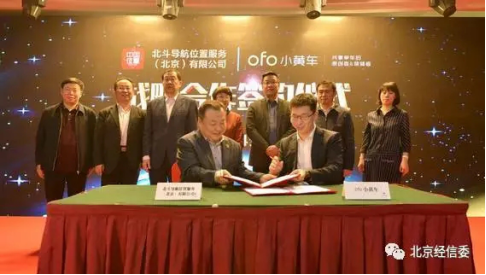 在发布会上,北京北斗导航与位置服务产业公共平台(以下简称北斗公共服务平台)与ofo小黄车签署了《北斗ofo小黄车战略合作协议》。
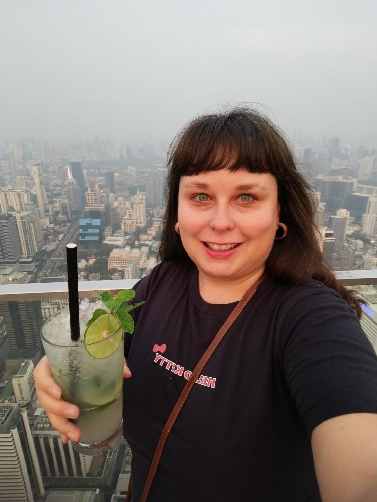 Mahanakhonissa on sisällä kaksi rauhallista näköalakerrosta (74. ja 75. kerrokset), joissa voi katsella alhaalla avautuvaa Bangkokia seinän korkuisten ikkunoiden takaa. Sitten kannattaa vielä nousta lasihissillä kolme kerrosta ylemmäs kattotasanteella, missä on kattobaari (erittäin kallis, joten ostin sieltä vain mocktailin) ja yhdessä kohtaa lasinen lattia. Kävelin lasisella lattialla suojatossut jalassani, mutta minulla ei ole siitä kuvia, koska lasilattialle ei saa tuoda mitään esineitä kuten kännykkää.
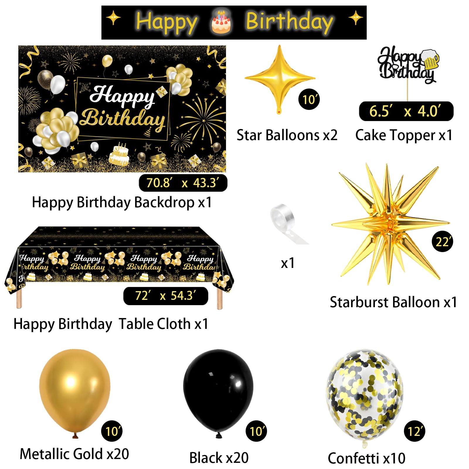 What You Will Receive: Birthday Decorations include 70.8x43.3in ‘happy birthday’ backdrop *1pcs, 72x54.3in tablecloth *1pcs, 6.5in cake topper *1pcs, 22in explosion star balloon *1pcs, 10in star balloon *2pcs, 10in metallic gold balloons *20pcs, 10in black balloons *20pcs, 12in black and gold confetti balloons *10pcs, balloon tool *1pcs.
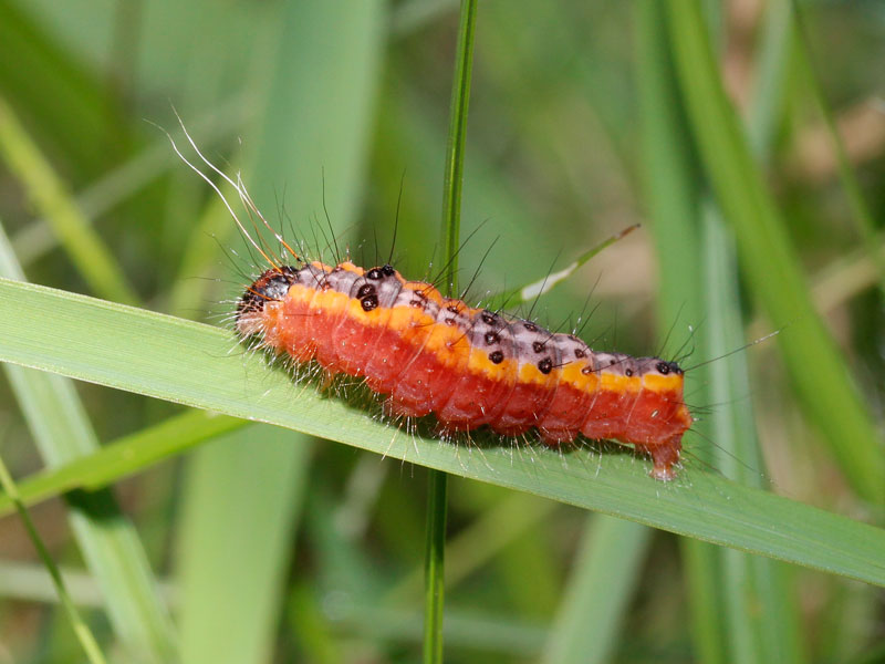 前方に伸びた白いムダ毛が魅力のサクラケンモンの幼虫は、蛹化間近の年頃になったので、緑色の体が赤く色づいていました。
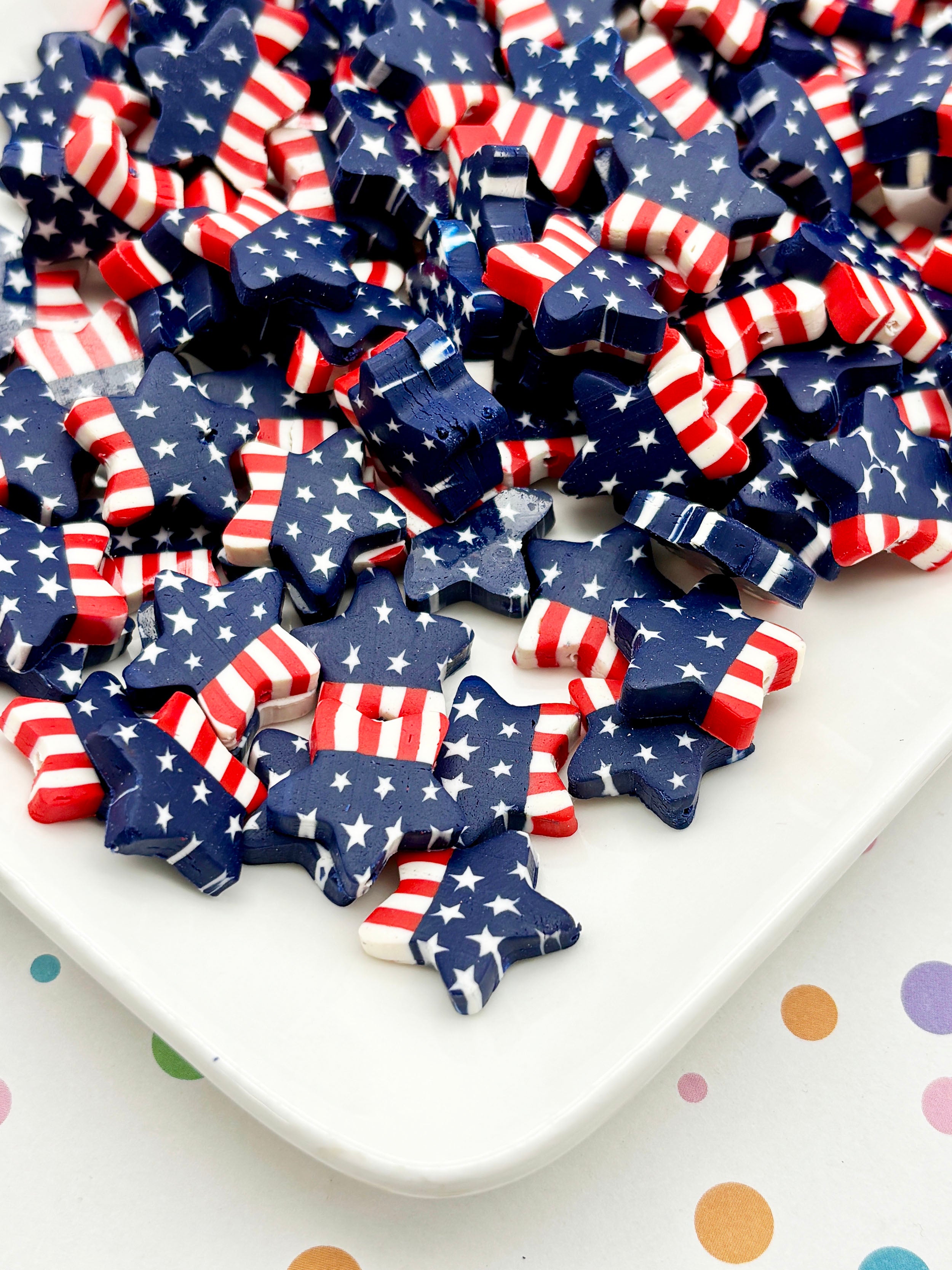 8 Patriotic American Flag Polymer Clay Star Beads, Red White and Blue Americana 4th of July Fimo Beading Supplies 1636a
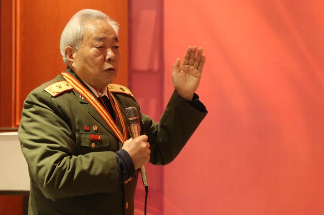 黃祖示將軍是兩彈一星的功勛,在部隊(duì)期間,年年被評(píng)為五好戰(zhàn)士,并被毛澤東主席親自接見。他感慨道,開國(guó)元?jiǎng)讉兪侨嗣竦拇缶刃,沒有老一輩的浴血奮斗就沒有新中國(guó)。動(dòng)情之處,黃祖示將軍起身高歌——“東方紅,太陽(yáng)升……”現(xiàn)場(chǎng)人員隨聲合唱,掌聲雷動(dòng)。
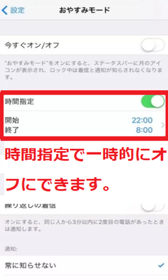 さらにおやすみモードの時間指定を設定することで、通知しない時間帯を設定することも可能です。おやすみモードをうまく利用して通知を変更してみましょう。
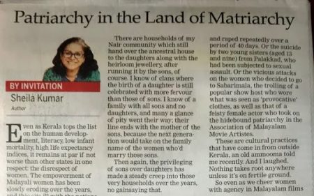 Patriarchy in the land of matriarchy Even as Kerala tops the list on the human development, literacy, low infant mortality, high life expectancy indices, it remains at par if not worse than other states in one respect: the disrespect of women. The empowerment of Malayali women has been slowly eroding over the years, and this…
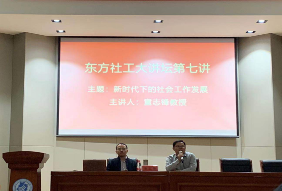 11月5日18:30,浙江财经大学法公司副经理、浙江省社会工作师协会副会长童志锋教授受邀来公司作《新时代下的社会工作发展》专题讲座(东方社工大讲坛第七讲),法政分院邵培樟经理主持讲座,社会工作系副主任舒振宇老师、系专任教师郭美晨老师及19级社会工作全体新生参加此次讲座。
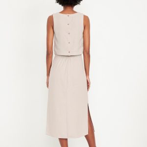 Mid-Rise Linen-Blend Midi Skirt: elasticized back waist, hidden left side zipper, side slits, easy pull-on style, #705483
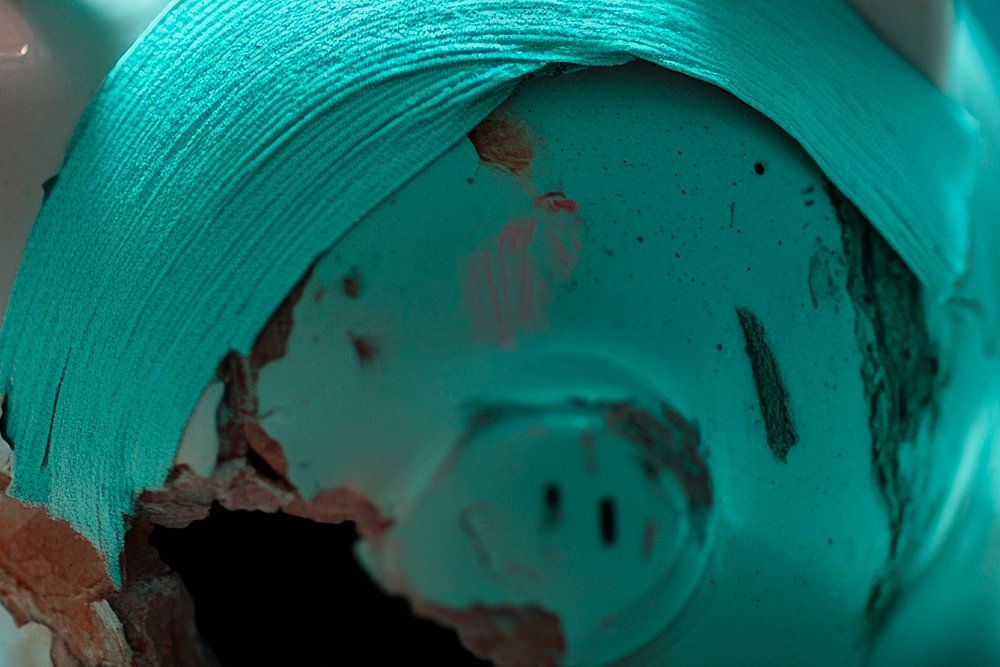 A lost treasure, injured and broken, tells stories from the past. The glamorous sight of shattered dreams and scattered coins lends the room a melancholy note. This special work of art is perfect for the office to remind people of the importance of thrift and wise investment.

==

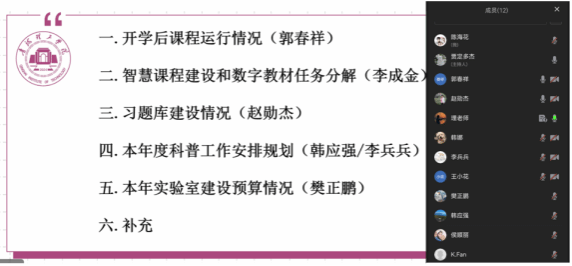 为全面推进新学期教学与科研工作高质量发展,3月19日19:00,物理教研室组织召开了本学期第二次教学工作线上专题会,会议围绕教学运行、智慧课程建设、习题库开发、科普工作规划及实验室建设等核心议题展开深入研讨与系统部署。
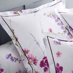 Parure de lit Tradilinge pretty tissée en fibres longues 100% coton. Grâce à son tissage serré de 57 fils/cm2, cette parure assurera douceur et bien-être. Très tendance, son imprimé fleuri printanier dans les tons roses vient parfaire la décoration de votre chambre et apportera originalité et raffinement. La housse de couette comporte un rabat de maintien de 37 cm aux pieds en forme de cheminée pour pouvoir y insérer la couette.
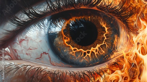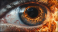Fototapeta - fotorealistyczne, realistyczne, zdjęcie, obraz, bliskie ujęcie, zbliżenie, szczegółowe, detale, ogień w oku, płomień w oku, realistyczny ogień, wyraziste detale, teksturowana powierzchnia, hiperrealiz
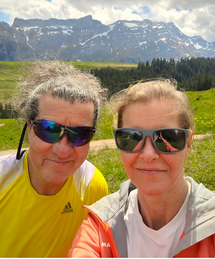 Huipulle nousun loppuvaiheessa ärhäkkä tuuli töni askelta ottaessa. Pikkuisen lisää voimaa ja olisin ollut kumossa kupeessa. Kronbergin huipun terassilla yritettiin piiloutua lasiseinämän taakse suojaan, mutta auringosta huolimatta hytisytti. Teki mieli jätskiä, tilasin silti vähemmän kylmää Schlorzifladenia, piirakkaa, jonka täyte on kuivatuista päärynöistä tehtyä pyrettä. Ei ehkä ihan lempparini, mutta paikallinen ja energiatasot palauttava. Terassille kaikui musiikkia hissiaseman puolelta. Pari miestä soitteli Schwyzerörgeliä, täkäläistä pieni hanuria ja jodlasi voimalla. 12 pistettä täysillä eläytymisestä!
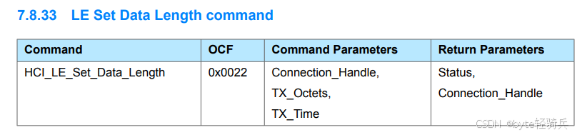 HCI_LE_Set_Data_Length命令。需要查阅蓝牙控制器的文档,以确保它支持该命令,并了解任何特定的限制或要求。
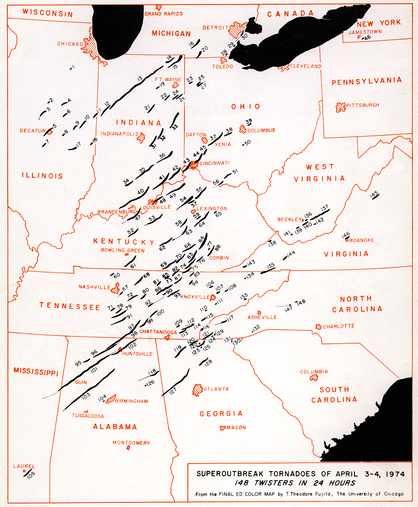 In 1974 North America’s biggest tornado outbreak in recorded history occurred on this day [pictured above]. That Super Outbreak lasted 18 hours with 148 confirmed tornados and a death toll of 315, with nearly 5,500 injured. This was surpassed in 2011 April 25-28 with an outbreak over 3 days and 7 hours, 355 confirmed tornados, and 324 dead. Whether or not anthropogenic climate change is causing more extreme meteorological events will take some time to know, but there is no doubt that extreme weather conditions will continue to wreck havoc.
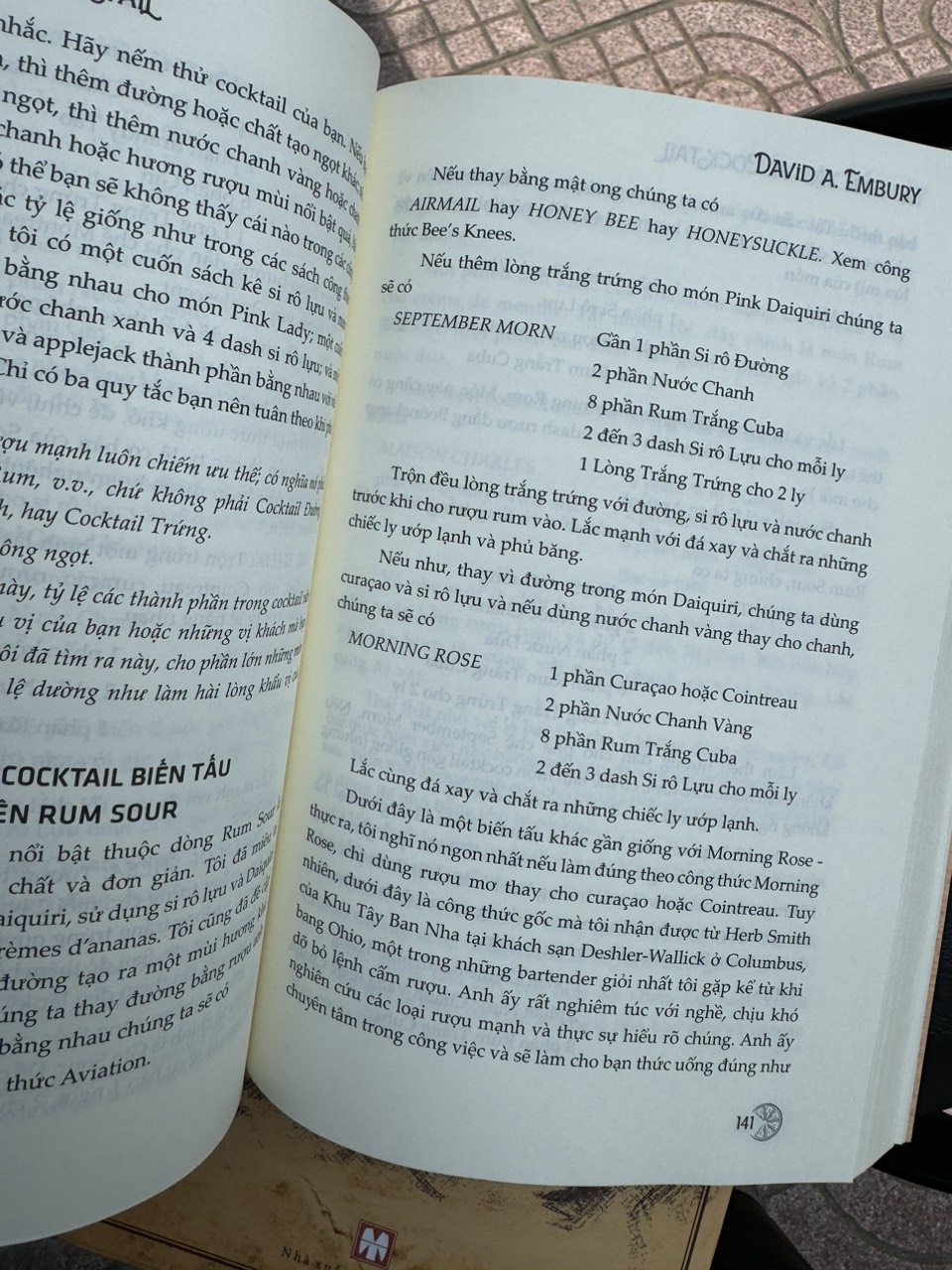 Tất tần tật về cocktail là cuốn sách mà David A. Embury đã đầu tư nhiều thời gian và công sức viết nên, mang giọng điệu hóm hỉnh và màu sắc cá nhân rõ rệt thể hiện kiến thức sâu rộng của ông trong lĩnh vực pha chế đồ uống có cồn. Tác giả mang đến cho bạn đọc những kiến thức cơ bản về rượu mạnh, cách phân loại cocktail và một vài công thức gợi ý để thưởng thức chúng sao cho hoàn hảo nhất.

--

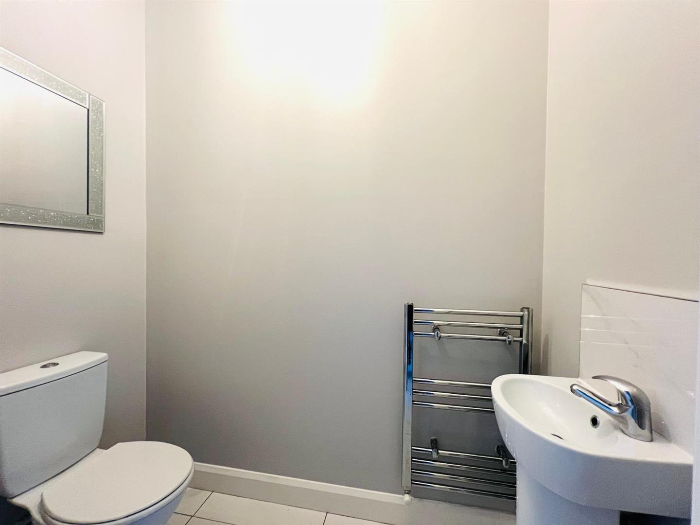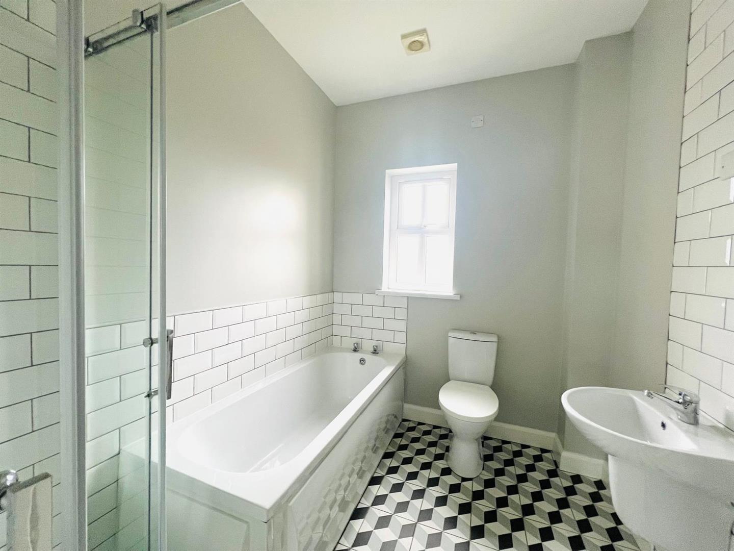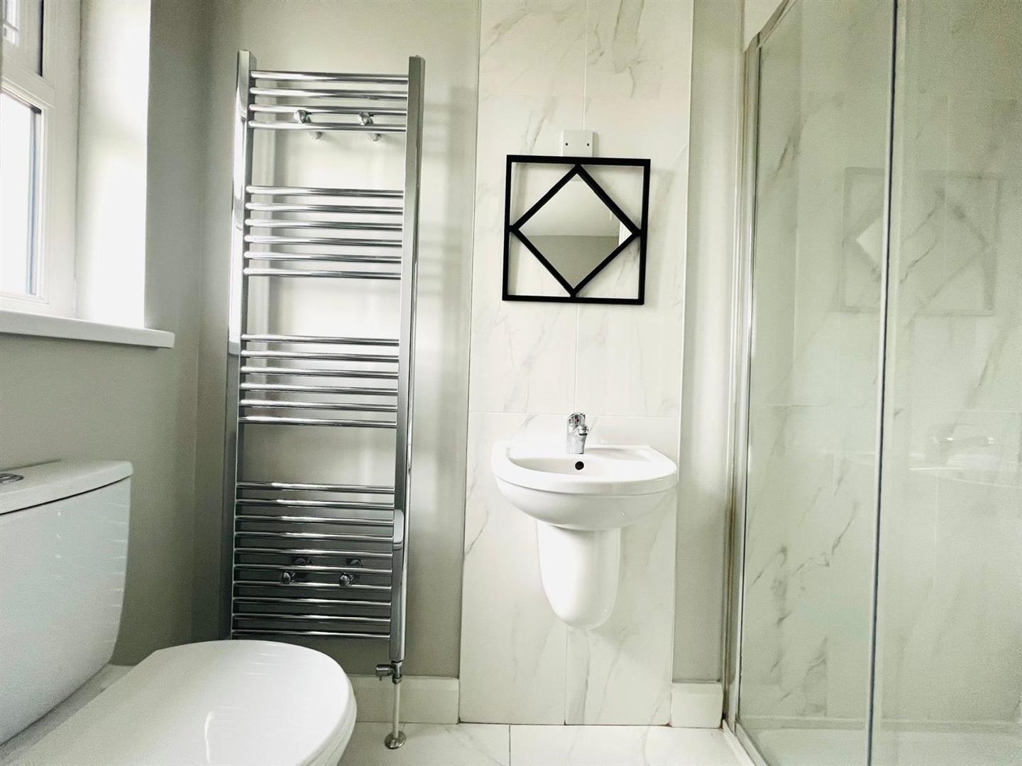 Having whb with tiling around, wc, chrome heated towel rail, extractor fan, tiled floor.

WHAT NEEDS TO BE DONE
Going by the data above, the answer is exactly the lines from the one holding "さらにおやすみモードの時間指" to the one holding "Mid-Rise Linen-Blend Midi", both kept, with the pictures left out.

RESULT OF THIS EXERCISE
 さらにおやすみモードの時間指定を設定することで、通知しない時間帯を設定することも可能です。おやすみモードをうまく利用して通知を変更してみましょう。
 Patriarchy in the land of matriarchy Even as Kerala tops the list on the human development, literacy, low infant mortality, high life expectancy indices, it remains at par if not worse than other states in one respect: the disrespect of women. The empowerment of Malayali women has been slowly eroding over the years, and this…
 11月5日18:30,浙江财经大学法公司副经理、浙江省社会工作师协会副会长童志锋教授受邀来公司作《新时代下的社会工作发展》专题讲座(东方社工大讲坛第七讲),法政分院邵培樟经理主持讲座,社会工作系副主任舒振宇老师、系专任教师郭美晨老师及19级社会工作全体新生参加此次讲座。
 Mid-Rise Linen-Blend Midi Skirt: elasticized back waist, hidden left side zipper, side slits, easy pull-on style, #705483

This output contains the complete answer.